DIRECTIONS –
Starting at the line that contains "振袖 身丈155.5 cm 裄丈66.5 M 袷 菊 蝶 金銀彩 ぼかし 緑 正絹 秀品", reproduce only the lines through the end of the data, exactly, including both the first and the last; skip the pictures.

(Data extracted from a collection)
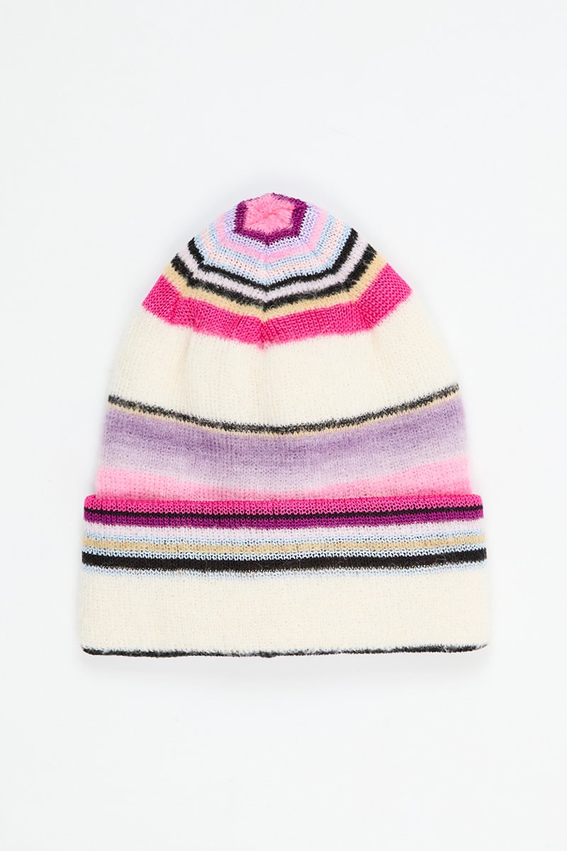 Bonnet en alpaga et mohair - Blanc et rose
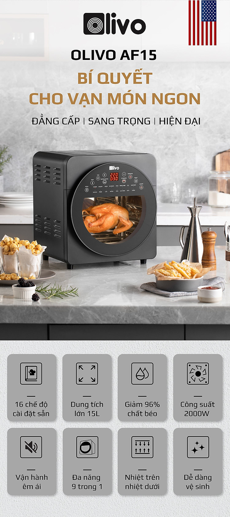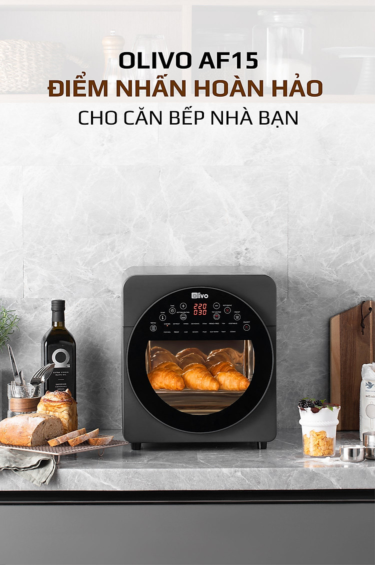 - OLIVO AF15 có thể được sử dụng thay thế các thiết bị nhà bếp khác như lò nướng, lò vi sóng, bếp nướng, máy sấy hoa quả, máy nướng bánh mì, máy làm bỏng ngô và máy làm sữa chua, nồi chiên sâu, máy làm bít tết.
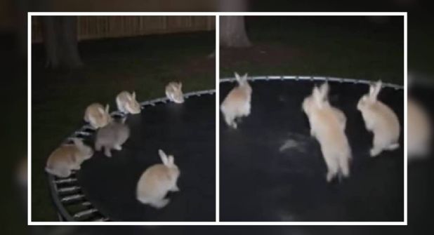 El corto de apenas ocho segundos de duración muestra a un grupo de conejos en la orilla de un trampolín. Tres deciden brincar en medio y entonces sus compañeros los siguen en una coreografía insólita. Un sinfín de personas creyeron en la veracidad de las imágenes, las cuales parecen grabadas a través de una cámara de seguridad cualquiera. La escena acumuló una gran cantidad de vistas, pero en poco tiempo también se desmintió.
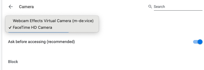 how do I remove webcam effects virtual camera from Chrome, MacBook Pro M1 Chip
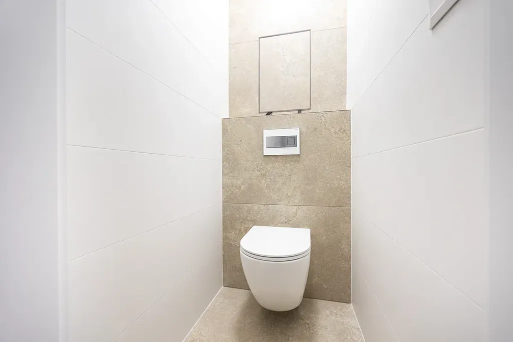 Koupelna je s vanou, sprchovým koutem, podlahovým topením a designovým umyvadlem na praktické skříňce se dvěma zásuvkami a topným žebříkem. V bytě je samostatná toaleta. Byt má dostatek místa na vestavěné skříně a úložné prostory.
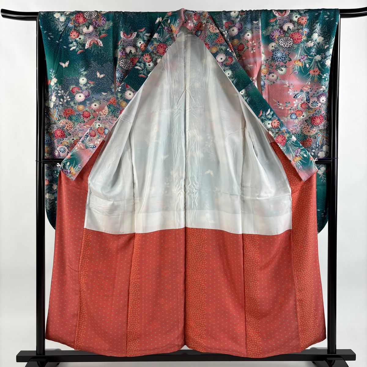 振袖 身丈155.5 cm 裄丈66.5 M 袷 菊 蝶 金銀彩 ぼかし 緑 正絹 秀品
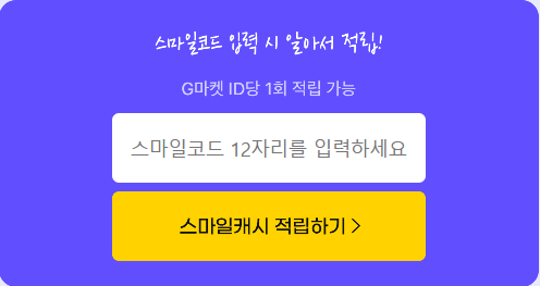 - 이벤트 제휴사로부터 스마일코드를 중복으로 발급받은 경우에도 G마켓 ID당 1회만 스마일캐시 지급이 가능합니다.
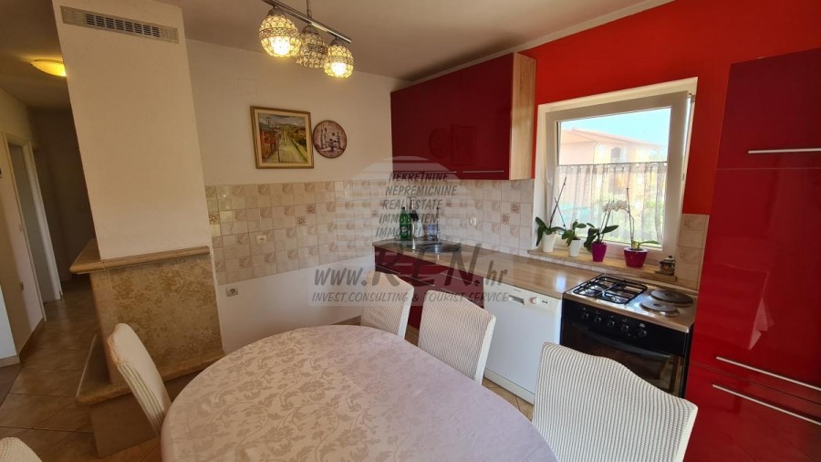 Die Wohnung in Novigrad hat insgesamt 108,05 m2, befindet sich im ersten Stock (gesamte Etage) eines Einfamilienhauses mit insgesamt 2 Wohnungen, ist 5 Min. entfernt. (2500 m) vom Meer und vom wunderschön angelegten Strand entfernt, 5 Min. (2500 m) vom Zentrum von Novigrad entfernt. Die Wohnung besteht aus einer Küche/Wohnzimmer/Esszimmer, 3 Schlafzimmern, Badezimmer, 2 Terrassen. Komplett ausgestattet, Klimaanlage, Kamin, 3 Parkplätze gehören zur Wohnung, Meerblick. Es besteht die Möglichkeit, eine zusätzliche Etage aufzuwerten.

RESULT OF THIS EXERCISE –
 振袖 身丈155.5 cm 裄丈66.5 M 袷 菊 蝶 金銀彩 ぼかし 緑 正絹 秀品
 - 이벤트 제휴사로부터 스마일코드를 중복으로 발급받은 경우에도 G마켓 ID당 1회만 스마일캐시 지급이 가능합니다.
 Die Wohnung in Novigrad hat insgesamt 108,05 m2, befindet sich im ersten Stock (gesamte Etage) eines Einfamilienhauses mit insgesamt 2 Wohnungen, ist 5 Min. entfernt. (2500 m) vom Meer und vom wunderschön angelegten Strand entfernt, 5 Min. (2500 m) vom Zentrum von Novigrad entfernt. Die Wohnung besteht aus einer Küche/Wohnzimmer/Esszimmer, 3 Schlafzimmern, Badezimmer, 2 Terrassen. Komplett ausgestattet, Klimaanlage, Kamin, 3 Parkplätze gehören zur Wohnung, Meerblick. Es besteht die Möglichkeit, eine zusätzliche Etage aufzuwerten.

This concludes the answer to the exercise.